The task:
Your answer should be only the lines below from the one with "Раковина встраиваемая Aquaton" to the one with "ElevenOra Stylish Elegant", repeated exactly, ends included.

• • •

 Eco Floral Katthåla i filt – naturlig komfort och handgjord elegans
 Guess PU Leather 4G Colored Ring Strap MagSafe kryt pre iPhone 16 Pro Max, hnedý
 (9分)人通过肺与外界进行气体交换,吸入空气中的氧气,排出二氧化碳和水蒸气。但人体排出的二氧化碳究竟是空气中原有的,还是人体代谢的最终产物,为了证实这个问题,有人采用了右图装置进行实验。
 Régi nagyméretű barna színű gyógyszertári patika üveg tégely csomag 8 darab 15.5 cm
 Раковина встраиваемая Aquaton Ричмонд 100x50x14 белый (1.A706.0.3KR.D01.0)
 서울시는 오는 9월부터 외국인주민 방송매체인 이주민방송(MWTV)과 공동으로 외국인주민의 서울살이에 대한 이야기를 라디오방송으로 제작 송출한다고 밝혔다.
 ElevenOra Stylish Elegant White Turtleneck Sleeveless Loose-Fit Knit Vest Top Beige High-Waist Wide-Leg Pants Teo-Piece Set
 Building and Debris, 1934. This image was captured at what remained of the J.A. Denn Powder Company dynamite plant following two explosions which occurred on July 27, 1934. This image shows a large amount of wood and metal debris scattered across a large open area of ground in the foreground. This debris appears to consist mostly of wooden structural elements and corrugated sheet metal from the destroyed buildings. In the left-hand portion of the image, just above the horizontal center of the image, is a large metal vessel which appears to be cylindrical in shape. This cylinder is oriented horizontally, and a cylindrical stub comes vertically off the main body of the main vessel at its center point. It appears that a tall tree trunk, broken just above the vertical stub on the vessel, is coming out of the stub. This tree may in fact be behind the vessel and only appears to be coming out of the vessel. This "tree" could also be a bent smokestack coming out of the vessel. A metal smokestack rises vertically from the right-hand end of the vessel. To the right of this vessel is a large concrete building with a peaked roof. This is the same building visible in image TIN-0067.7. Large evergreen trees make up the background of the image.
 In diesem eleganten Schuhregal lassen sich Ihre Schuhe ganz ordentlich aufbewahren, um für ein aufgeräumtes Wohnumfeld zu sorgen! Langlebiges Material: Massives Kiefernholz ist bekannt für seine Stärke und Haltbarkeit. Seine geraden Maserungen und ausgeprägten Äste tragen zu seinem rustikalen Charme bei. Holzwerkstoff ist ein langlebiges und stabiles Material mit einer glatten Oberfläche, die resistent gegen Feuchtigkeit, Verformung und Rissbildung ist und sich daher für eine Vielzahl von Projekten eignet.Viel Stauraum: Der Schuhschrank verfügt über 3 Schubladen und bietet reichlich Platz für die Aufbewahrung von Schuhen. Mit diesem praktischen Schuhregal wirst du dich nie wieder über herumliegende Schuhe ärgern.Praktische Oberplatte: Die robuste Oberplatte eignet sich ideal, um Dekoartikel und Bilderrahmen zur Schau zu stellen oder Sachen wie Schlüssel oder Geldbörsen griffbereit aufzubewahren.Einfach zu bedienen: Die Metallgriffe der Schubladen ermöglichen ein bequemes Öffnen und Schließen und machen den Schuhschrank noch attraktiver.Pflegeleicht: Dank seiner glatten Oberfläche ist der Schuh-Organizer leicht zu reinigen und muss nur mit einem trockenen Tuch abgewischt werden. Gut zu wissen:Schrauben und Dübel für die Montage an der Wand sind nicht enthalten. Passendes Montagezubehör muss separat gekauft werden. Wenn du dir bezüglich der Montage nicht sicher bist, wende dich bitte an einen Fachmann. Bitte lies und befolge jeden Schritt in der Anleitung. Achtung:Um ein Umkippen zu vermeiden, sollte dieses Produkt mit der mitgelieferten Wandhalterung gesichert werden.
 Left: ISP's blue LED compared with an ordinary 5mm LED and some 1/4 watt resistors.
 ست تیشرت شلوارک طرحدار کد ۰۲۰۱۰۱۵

• • •

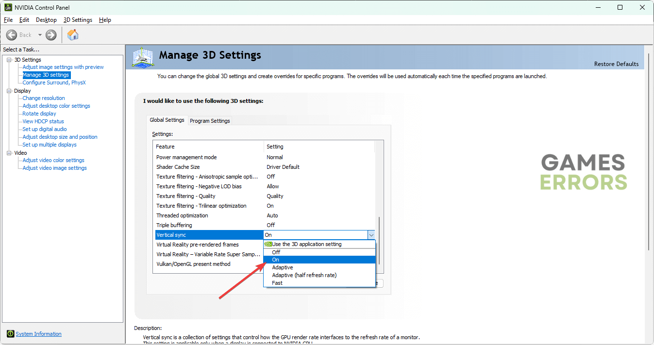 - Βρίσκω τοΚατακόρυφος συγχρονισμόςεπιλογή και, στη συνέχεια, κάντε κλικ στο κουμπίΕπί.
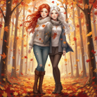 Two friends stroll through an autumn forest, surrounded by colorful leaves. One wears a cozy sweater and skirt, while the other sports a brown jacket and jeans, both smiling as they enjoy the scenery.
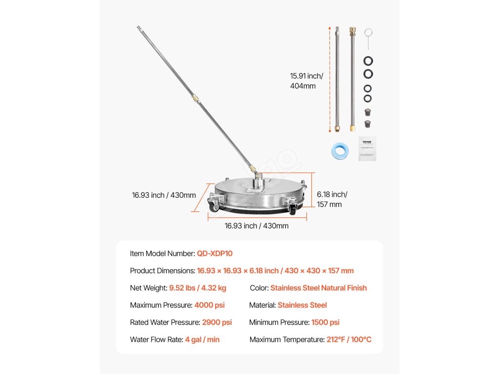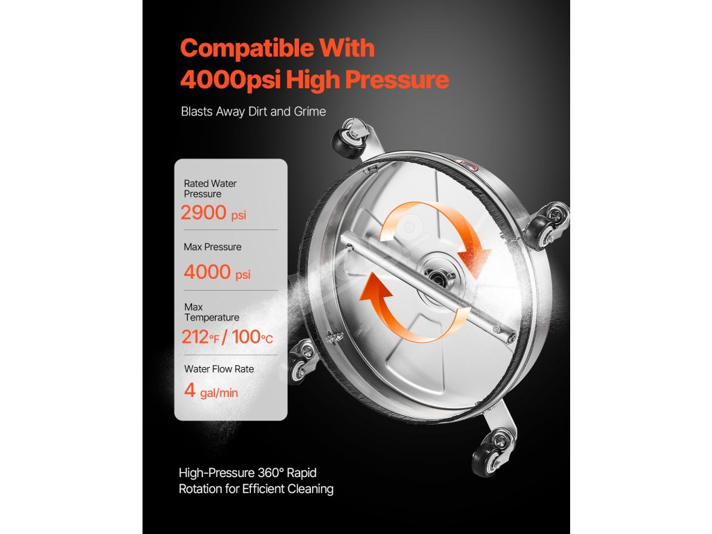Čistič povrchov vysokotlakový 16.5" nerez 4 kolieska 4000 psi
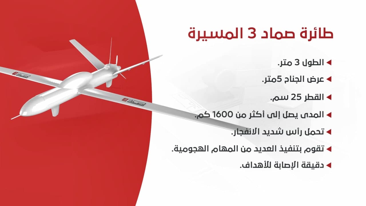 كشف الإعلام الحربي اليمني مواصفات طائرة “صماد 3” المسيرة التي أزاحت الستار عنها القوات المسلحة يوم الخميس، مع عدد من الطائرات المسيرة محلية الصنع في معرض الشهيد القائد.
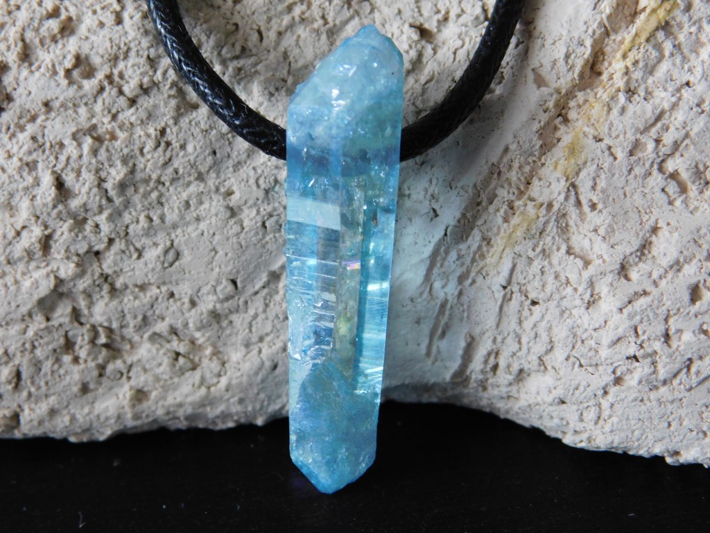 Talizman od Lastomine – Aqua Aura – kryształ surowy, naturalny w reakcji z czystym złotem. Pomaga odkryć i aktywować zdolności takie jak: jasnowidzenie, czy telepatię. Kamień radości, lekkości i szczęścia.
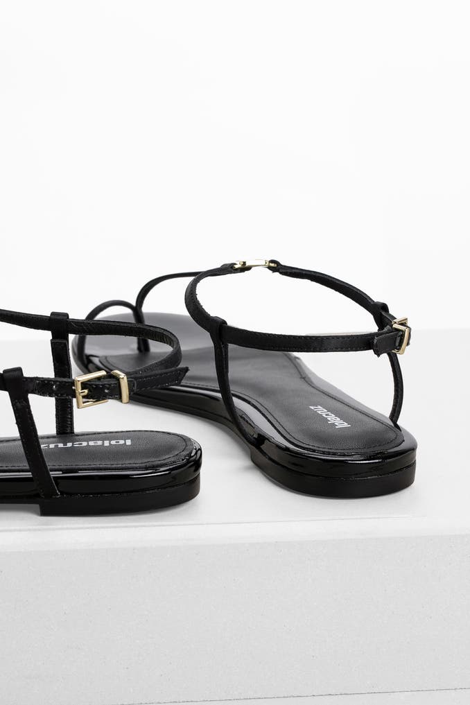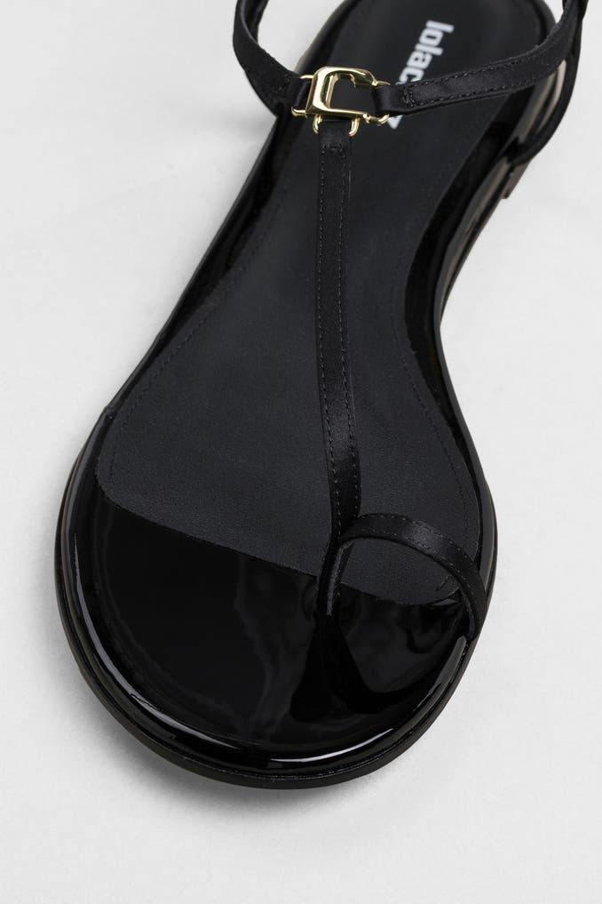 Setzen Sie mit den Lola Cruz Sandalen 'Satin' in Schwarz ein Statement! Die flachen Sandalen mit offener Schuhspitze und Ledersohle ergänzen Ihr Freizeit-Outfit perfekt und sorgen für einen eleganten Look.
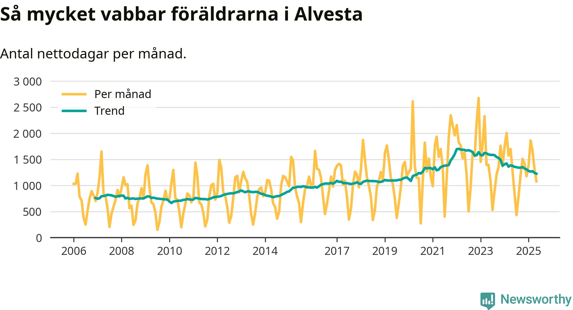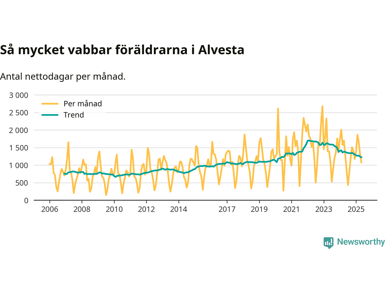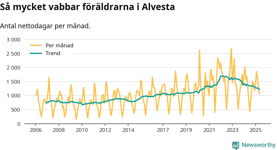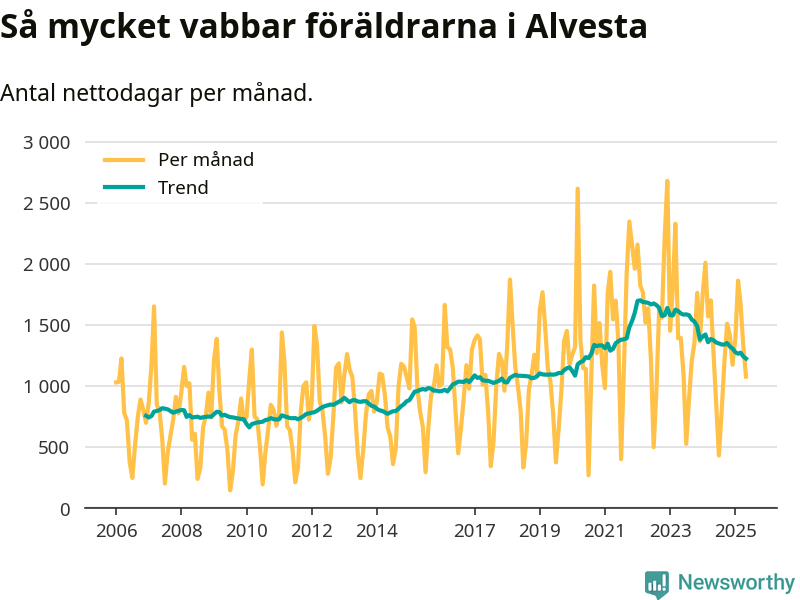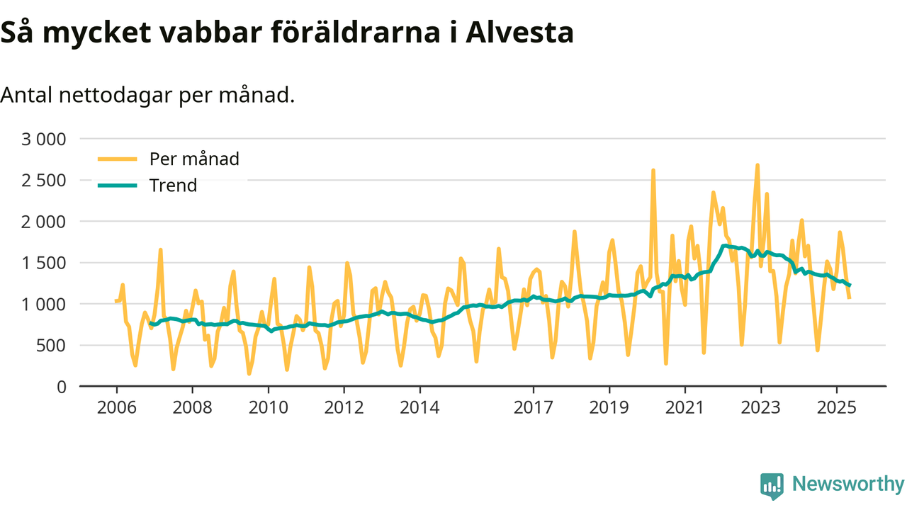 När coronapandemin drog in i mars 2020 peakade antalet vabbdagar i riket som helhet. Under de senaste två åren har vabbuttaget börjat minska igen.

• • •

Solution for this exercise:
 Раковина встраиваемая Aquaton Ричмонд 100x50x14 белый (1.A706.0.3KR.D01.0)
 서울시는 오는 9월부터 외국인주민 방송매체인 이주민방송(MWTV)과 공동으로 외국인주민의 서울살이에 대한 이야기를 라디오방송으로 제작 송출한다고 밝혔다.
 ElevenOra Stylish Elegant White Turtleneck Sleeveless Loose-Fit Knit Vest Top Beige High-Waist Wide-Leg Pants Teo-Piece Set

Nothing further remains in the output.